Et pourtant, je ne le vois pas.
Ça avait commencé au collège, il me semble. Des élèves qui marchaient près de moi s'écartaient, prenant un large virage, tantôt sur ma gauche, tantôt sur ma droite. Je pensais être un paria, un de ces élèves rejetés parce que différent, parce qu'il n'a pas les "bonnes" fringues, les beaux stylos, les beaux cartables, la bonne attitude. Mais c'était étrange, tous ces écarts ; et ce regard un peu éberlué.
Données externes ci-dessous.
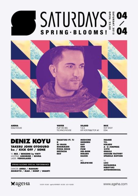 ´ÉÍý¿ÍÍ͹ðÃμºÎ餤¤¿¤·¤Þ¤¹m(_ _)m 4/4 (ÅÚ) SATURDAYS -SPRING BLOOMS!- @ ageHa http://www.ageha.com/schedule/detail.php?id=20150404 OPEN 23:00 DOOR : 3,500yen ageHa MEMBER : 2,500yen ADV: 2,800yen ½Õ¤Î¤½¤èÉ÷¤È¶¦¤ËageHa¤Ë¿·¤·¤¤Ì¿¤¬²êÀ¸¤¨¤ë¡ª¥¯¥é¥Ö¥¤¥Ù¥ó¥È¤ÎÏȤòͤ¨¤¿¥Ë¥å¡¼¡¦¥Ñ¡¼¥Æ¥£¡¼¡¢¡ÖSATURDAYS¡×¤¬¤¤¤è¤¤¤è¥¹¥¿¡¼¥È¡£¥á¥¤¥ó¥Õ¥í¥¢¤Ç¤¢¤ëARENA¤Ë¤Ï¡¢Ëè²ó³¤³°¤«¤é¤Î¥¹¥Ú¥·¥ã¥ë¤Ê¥²¥¹¥È㤬EDM¤ò¼ç¼´¤È¤·¤¿À¹¤ê¾å¤¬¤êɬ»ê¤Î¥¢¥Ã¥×¥ê¥Õ¥Æ¥£¥ó¥°¤Ê¥µ¥¦¥ó¥É¤ò¤ªÆÏ¤±¡£¤Þ¤¿¥À¥ó¥µ¡¼¡¢¥é¥¤¥Æ¥£¥ó¥°¡¢¥ì¡¼¥¶¡¼¤¬°ì
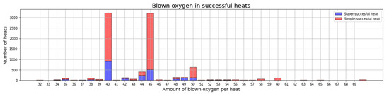 Regarding the blown oxygen, Figure 12 presents the total amount of blown oxygen from the successful heats during the exploitation phase. This figure shows that most heats needed to blow 40 or 45 m3 of oxygen. However, the super-successful target state was most often reached with the first of the two aforementioned rates. Moreover, it can be observed that less than 50 m3 of oxygen was blown in many successful heats. This is in line with the approximation mentioned in Section 3.2 that states that the target amount of oxygen to be blown for medium heats is around 40 m3.
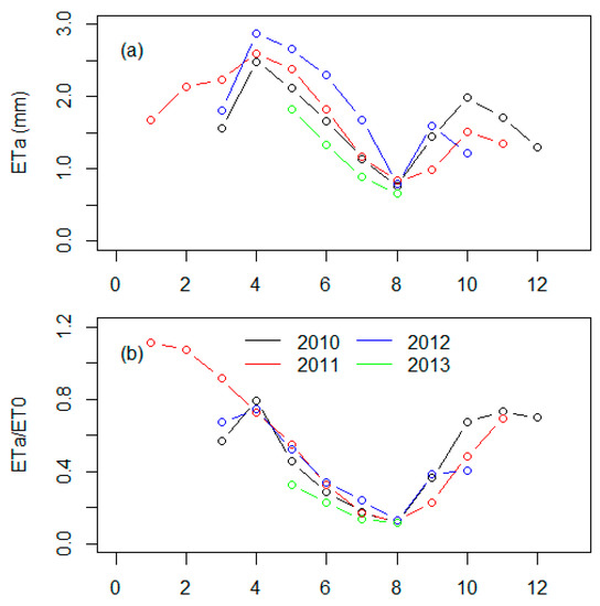 Seasonal evolution of the actual evapotranspiration at monthly time scale, during the four years of the experiment. (a) Actual evapotranspiration ETa; (b) Ratio of actual evapotranspiration to reference evapotranspiration ET0.
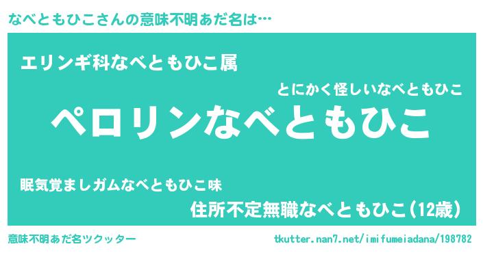 | 胡散臭い通販商品みたいなあだ名 | 『億万長者になれる水晶球…その名も「なべともひこ」』 |

Les garçons, les filles, les profs. Tout le monde avait ce même regard. J'avais l'impression d'être une bête étrange, à la fois effrayante et dégoûtante. Ça m'arrangeait, je dois dire. Personne ne m'adressait la parole, sauf par obligation. Même au moment des carnets de note, je remarquais que le professeur principal n'osait pas trop s'approcher de mon bureau. Il lançait le carnet plus qu'il ne le donnait.
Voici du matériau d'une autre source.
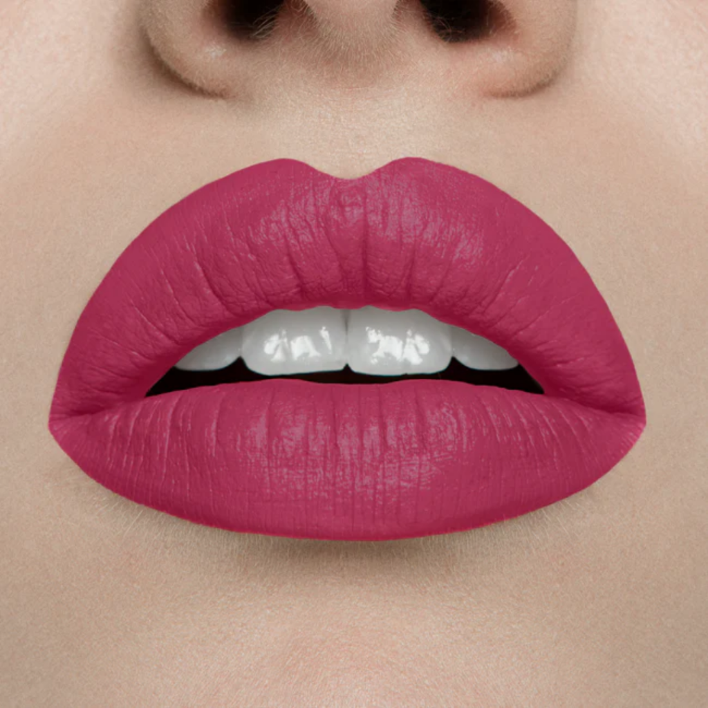 Matt, sügavpunane fuksia alatooniga kreemja tekstuuriga huulepulk. 85% looduslik.
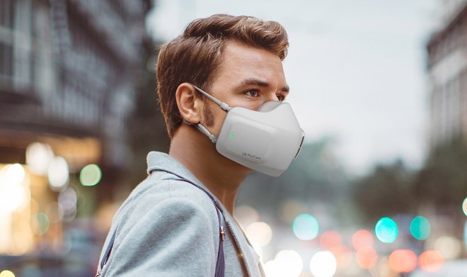 Компания LG разработала персональный очиститель воздуха в виде защитной маски. LG Electronics адаптировала свою технологию очистки воздуха в лицевую маску PuriCare, оснащённую источником питания, очистителем воздуха с двумя фильтрами H-13 HEPA, многоскоростными вентиляторами и УФ-стерилизующим корпусом. Носимый очиститель воздуха PuriCare крепится к лицу заушными ремнями, как обычная маска, от которой он отличается наличием аккумулятора емкостью 820 мАч. Он обеспечивает работу активной системы фильтрации и очистки воздуха в течении восьми часов в эконом-режиме и двух часов при работе на полную мощность. Пользователь дышит через два сменных фильтра HEPA с вентиляторами, при этом респираторный датчик контролирует скорость их вращения: при вдохе они ускоряются, а при выдохе замедляются. После использования устройство помещается в зарядный кейс с ультрафиолетовым излучателем, уничтожающим за время зарядки вредоносные микробы. Пока доподлинно неизвестно, насколько эффективна маска PuriCare
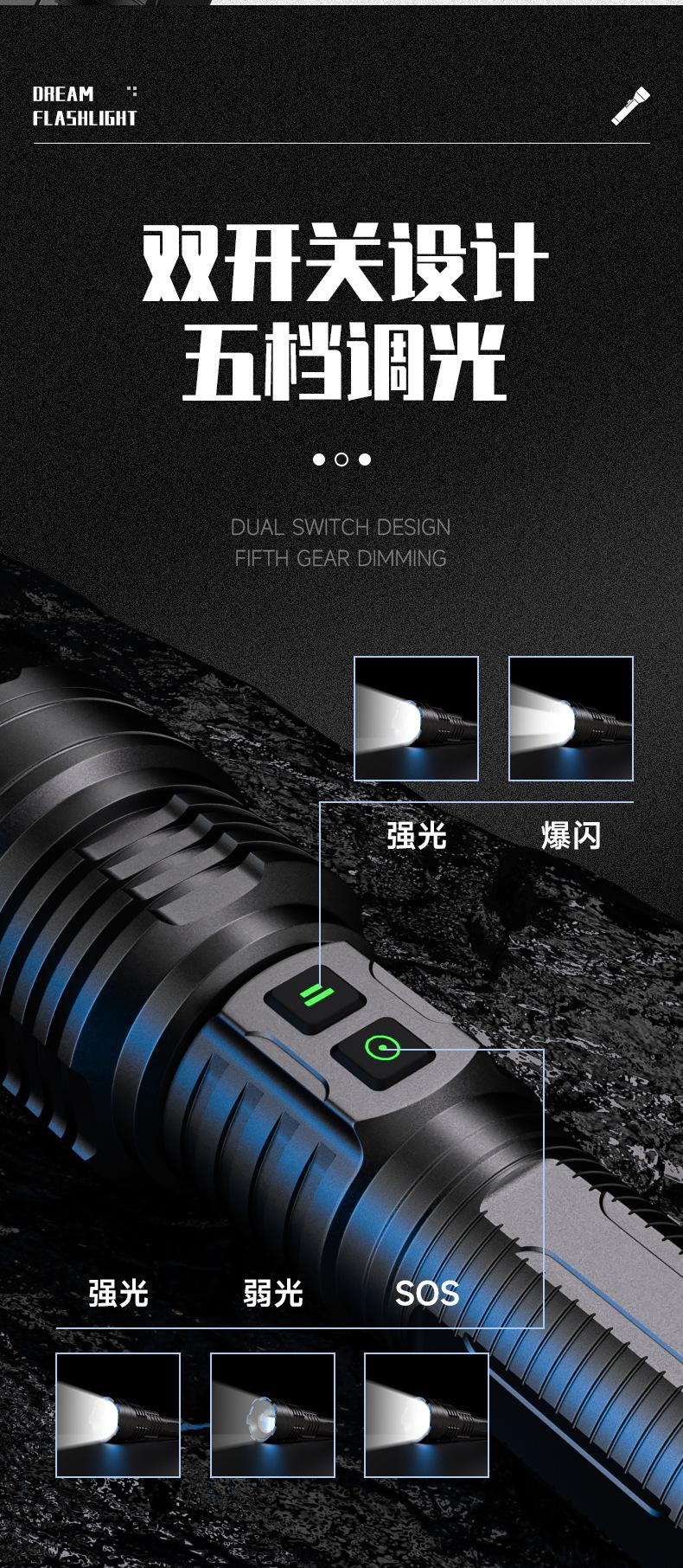 Linterna Láser Blanca Luz Fuerte Carga Exterior Super Brillante Portátil Larga Duración Largo Alcance Emergencia Impermeable Linterna Doméstica

À la fac, j'aurais dû me douter qu'il y avait quelque chose. Habituellement, les travaux pratiques se faisaient à deux. Je n'ai aucun souvenir d'un TP fait en équipe ; jamais. Et parfois certains étudiants faisaient leur travail à trois, on aurait quand même pu m'affubler d'un binôme à un moment donné. Eh bien non.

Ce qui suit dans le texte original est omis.